Our methodology for addressing analytics optimization is simple, but effective:
Conduct a detailed analytics audit, paying special attention to cross-domains, as well as to the set-up of goals and the sales reporting funnels
Rank the issues found in the audit by creating a prioritized list of the items found, ranked by severity
Evaluate potential solutions for each issue found, some may be easy and quick fixes, while others may require more programmatic solutions
Create a spreadsheet with four columns; a) issue, b) severity, c) potential solution, d) final ranked order of fixes
Execute the fixes in order
For the spreadsheet, the last column, column D is probably the most important, because some fixes may by necessity have to wait, while others may need to be addressed immediately. Having the order clearly defined makes it easier for everyone to know what’s being fixed and when, enabling a far more efficient optimization process.
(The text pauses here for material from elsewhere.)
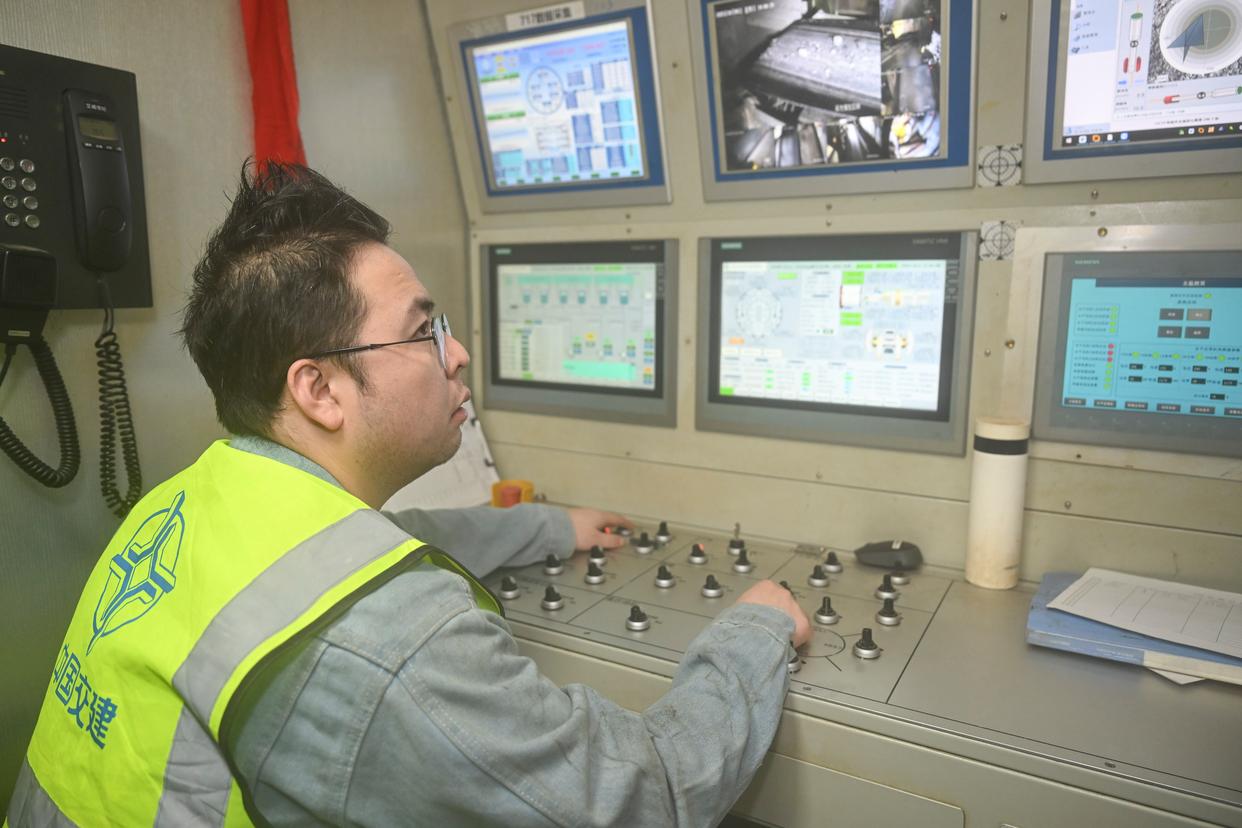 在昭温公路西天山特长隧道平导洞内,工人宗立贵在主控室操作硬岩掘进机(10月5日摄)。新华社记者 胡虎虎 摄

The online marketing paradox resolved
You can only resolve the online marketing paradox after you are confident that the data and reporting from your analytics package is accurate. Having better information will help you determine whether to spend your money on traffic, conversion or some mix of the two. By determining where to spend your marketing dollars wiser, you will most likely help lower your overall Cost Per Lead and ultimate Cost Per Sale (or Acquisition). This helps you achieve your marketing goals, enabling you to finally rid yourself of the dreaded online marketing paradox.